-------- Given information
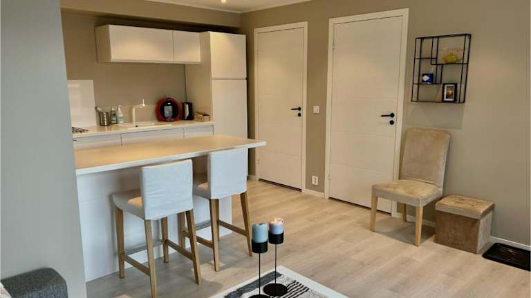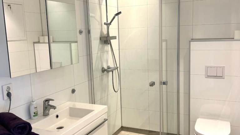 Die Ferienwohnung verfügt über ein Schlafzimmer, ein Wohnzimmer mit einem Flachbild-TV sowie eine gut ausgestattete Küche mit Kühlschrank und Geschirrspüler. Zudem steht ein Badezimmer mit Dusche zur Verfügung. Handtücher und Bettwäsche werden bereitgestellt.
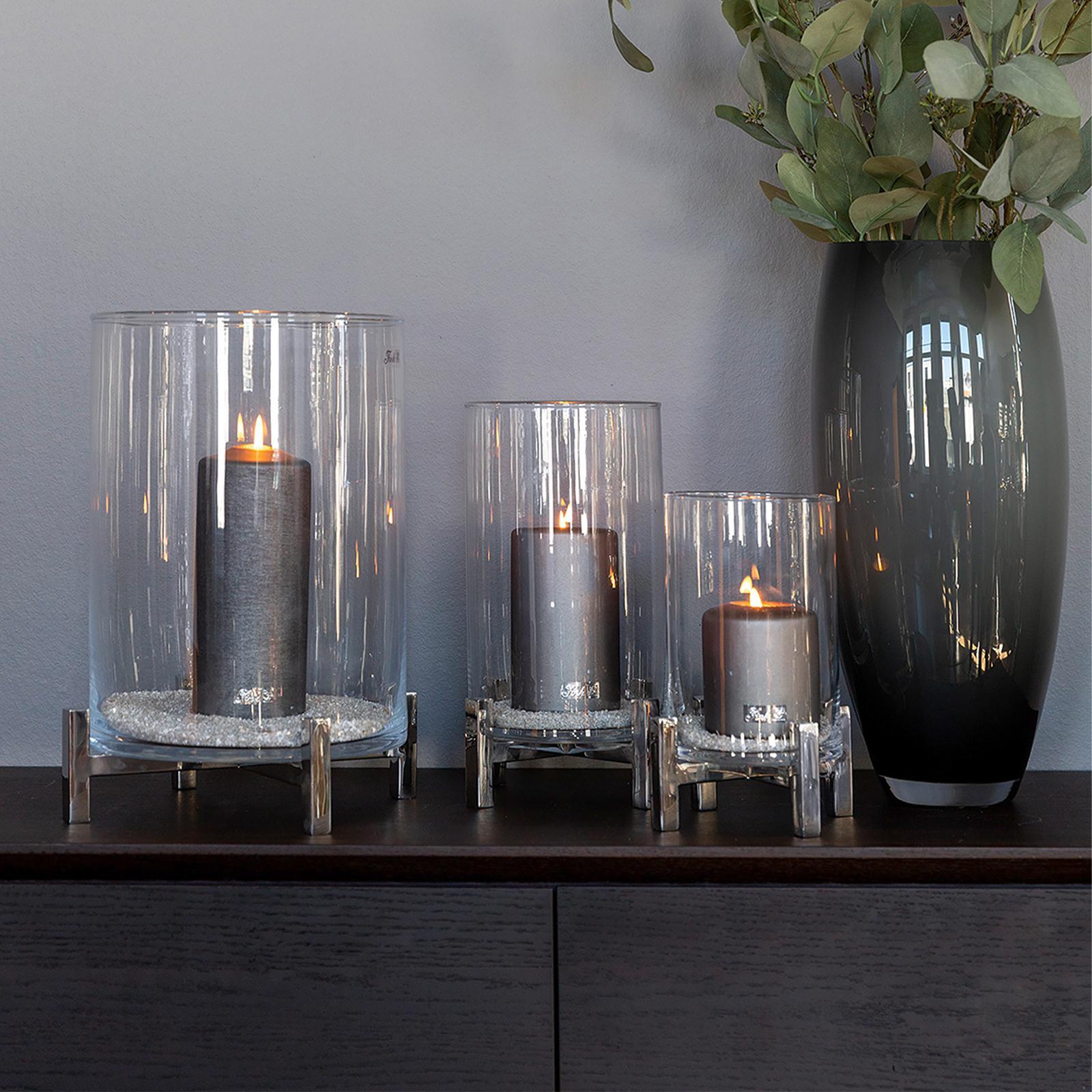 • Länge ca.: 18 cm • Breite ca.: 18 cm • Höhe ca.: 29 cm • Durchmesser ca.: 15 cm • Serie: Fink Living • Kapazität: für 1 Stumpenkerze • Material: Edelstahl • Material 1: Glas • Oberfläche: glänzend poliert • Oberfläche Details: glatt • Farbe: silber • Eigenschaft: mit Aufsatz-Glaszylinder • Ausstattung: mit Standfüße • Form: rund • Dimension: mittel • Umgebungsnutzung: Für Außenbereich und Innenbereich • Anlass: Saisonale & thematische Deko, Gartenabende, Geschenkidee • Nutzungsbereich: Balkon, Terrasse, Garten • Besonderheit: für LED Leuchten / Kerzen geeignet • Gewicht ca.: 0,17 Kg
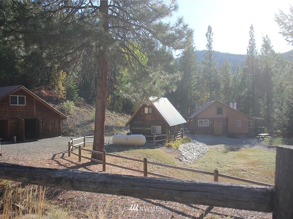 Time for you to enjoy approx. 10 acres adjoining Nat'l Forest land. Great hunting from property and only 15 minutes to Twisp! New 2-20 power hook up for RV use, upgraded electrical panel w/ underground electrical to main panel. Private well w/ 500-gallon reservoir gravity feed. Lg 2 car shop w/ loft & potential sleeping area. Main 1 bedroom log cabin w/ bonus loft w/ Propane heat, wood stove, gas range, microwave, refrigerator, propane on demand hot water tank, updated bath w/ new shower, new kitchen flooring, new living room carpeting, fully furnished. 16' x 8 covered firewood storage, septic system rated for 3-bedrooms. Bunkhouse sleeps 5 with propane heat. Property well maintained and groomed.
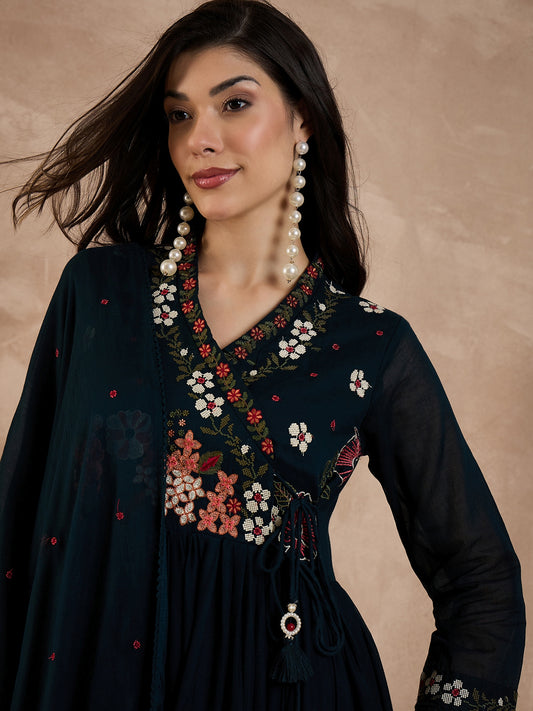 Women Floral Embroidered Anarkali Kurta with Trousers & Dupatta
----------------
Set down the material above exactly as written, but not the pictures.

 Die Ferienwohnung verfügt über ein Schlafzimmer, ein Wohnzimmer mit einem Flachbild-TV sowie eine gut ausgestattete Küche mit Kühlschrank und Geschirrspüler. Zudem steht ein Badezimmer mit Dusche zur Verfügung. Handtücher und Bettwäsche werden bereitgestellt.
 • Länge ca.: 18 cm • Breite ca.: 18 cm • Höhe ca.: 29 cm • Durchmesser ca.: 15 cm • Serie: Fink Living • Kapazität: für 1 Stumpenkerze • Material: Edelstahl • Material 1: Glas • Oberfläche: glänzend poliert • Oberfläche Details: glatt • Farbe: silber • Eigenschaft: mit Aufsatz-Glaszylinder • Ausstattung: mit Standfüße • Form: rund • Dimension: mittel • Umgebungsnutzung: Für Außenbereich und Innenbereich • Anlass: Saisonale & thematische Deko, Gartenabende, Geschenkidee • Nutzungsbereich: Balkon, Terrasse, Garten • Besonderheit: für LED Leuchten / Kerzen geeignet • Gewicht ca.: 0,17 Kg
 Time for you to enjoy approx. 10 acres adjoining Nat'l Forest land. Great hunting from property and only 15 minutes to Twisp! New 2-20 power hook up for RV use, upgraded electrical panel w/ underground electrical to main panel. Private well w/ 500-gallon reservoir gravity feed. Lg 2 car shop w/ loft & potential sleeping area. Main 1 bedroom log cabin w/ bonus loft w/ Propane heat, wood stove, gas range, microwave, refrigerator, propane on demand hot water tank, updated bath w/ new shower, new kitchen flooring, new living room carpeting, fully furnished. 16' x 8 covered firewood storage, septic system rated for 3-bedrooms. Bunkhouse sleeps 5 with propane heat. Property well maintained and groomed.
 Women Floral Embroidered Anarkali Kurta with Trousers & Dupatta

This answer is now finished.